● **Exercise prompt**
Search each line below for "Wood", then return the lines where it appears.

(Extracted data entries)
BEGIN
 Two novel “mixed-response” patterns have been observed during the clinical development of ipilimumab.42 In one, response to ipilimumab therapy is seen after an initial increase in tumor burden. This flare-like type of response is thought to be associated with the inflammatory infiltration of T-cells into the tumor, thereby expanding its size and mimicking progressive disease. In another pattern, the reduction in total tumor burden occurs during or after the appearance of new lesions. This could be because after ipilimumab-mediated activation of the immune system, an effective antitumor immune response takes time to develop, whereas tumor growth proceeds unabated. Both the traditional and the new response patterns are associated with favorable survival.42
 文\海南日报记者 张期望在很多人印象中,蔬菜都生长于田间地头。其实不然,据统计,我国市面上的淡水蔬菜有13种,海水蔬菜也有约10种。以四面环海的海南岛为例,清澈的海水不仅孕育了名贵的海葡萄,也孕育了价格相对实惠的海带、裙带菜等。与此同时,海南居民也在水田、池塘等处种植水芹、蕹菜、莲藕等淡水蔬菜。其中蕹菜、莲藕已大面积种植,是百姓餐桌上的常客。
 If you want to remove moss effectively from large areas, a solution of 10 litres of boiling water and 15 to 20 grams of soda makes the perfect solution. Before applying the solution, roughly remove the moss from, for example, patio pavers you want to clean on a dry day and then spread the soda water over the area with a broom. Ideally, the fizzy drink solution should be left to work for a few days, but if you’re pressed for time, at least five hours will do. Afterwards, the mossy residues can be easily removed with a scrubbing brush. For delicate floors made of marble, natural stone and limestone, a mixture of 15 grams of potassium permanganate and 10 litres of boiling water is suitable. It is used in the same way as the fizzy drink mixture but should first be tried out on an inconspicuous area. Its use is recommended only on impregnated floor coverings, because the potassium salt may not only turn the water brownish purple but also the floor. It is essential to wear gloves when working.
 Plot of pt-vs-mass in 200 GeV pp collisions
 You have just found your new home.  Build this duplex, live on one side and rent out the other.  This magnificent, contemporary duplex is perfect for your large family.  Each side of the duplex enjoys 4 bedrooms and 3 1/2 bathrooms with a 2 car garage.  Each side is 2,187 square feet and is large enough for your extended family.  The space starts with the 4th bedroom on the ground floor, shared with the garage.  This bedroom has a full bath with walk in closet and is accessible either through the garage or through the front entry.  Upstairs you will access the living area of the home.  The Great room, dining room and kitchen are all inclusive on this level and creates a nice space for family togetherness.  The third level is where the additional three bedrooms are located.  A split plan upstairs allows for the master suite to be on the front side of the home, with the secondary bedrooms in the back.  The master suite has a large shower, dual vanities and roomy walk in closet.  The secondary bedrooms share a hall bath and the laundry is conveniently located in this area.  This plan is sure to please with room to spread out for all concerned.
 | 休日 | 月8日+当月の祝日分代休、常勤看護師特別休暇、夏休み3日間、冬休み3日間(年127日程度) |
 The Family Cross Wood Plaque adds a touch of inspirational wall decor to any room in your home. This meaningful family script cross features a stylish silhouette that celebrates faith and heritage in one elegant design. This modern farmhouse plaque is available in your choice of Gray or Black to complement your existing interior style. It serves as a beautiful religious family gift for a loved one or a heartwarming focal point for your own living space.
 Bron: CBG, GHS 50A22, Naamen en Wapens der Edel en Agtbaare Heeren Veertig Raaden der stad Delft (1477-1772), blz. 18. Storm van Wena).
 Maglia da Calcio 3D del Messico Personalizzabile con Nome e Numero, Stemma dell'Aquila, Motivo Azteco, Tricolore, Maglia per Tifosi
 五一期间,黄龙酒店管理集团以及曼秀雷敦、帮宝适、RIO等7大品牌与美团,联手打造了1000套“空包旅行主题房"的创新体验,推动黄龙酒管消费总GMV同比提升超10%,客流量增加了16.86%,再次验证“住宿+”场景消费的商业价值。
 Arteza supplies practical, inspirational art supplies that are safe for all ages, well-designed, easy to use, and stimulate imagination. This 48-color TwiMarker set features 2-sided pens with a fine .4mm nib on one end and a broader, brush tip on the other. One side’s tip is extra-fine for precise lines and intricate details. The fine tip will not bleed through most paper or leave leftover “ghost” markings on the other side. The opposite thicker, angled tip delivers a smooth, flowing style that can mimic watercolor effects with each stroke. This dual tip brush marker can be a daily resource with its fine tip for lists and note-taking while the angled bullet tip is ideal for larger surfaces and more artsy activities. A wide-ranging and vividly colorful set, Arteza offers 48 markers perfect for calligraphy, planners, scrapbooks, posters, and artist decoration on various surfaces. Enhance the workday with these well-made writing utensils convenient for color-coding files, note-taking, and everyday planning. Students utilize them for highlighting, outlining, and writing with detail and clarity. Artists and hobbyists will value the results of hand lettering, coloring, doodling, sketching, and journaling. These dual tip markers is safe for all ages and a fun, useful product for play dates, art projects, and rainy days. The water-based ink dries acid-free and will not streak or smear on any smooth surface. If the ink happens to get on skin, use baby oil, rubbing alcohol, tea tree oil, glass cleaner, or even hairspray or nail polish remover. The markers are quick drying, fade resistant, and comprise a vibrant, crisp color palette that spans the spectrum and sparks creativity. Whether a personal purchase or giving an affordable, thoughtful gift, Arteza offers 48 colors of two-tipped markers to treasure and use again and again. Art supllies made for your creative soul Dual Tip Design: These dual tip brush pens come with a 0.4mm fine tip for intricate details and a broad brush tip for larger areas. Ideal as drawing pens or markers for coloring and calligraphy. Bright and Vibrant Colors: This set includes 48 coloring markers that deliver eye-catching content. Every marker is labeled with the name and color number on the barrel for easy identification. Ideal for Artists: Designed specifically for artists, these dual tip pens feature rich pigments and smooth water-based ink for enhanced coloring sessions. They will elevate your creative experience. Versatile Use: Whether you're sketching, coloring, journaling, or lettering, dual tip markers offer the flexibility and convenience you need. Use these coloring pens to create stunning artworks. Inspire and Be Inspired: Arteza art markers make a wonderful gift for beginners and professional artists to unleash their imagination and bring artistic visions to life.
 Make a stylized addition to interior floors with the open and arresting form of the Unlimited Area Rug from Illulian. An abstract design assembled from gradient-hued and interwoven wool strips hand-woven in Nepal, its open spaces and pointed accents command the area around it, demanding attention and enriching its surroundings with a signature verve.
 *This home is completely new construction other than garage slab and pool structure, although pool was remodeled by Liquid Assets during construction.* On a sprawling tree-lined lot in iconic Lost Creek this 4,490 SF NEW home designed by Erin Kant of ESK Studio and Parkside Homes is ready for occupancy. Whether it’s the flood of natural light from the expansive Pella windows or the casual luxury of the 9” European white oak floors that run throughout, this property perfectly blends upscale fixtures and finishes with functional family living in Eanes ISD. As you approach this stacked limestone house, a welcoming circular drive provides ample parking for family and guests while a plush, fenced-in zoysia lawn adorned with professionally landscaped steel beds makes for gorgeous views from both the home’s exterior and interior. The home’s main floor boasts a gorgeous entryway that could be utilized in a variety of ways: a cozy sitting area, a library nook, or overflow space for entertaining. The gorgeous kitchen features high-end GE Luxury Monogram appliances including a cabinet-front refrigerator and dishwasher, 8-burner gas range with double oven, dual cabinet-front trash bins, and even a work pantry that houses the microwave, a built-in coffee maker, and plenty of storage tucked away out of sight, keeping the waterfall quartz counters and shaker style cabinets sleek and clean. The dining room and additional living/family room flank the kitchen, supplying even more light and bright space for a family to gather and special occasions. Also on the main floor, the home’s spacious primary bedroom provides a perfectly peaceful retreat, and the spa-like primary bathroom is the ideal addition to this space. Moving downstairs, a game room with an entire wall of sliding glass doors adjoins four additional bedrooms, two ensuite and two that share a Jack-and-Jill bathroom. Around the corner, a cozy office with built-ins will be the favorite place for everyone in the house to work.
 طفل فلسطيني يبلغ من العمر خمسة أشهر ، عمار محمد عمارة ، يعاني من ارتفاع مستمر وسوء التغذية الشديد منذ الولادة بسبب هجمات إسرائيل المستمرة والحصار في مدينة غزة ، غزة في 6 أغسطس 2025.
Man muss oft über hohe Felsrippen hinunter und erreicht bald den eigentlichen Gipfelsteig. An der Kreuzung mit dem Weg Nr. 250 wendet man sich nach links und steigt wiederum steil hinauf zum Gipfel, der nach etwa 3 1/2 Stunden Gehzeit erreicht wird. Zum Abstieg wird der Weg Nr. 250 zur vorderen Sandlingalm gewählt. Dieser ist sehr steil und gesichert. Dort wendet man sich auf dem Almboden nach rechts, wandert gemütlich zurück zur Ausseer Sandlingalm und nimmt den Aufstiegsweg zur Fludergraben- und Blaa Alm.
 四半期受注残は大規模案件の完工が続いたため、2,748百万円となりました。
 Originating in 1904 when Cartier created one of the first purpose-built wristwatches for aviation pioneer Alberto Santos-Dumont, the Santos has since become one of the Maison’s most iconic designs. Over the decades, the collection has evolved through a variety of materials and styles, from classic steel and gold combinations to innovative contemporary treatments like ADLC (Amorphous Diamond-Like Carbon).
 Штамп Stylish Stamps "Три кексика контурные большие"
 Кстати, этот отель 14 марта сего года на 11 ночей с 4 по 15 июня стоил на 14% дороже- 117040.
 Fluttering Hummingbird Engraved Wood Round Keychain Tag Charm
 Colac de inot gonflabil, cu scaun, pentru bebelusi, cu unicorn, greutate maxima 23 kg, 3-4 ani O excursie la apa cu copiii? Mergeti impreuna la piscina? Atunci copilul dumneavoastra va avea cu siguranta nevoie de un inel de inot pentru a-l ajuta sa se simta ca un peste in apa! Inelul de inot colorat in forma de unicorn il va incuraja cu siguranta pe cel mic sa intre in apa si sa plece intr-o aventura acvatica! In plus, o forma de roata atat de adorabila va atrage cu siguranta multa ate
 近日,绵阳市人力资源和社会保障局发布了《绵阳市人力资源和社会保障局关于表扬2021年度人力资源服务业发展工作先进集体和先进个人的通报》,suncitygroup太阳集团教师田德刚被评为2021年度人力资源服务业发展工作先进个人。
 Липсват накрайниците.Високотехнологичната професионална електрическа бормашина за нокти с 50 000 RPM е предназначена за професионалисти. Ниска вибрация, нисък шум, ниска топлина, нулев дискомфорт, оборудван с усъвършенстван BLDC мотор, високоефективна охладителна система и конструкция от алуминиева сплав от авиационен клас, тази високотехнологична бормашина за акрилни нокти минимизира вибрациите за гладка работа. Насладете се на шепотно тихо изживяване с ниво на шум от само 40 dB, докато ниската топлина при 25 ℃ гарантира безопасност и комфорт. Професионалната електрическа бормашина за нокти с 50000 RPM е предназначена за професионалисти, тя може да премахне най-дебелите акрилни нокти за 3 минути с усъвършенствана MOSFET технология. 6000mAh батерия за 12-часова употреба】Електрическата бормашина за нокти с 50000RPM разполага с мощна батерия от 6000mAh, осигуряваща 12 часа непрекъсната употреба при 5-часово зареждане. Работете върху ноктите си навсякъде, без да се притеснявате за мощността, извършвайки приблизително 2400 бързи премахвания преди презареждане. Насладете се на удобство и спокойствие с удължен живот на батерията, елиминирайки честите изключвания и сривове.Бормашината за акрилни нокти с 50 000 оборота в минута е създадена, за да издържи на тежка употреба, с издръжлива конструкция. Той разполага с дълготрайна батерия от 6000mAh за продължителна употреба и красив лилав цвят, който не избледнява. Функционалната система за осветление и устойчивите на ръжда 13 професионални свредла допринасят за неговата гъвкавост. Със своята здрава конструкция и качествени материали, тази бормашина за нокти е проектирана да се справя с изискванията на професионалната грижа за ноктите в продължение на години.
END
● **Written solution**
 The Family Cross Wood Plaque adds a touch of inspirational wall decor to any room in your home. This meaningful family script cross features a stylish silhouette that celebrates faith and heritage in one elegant design. This modern farmhouse plaque is available in your choice of Gray or Black to complement your existing interior style. It serves as a beautiful religious family gift for a loved one or a heartwarming focal point for your own living space.
 Fluttering Hummingbird Engraved Wood Round Keychain Tag Charm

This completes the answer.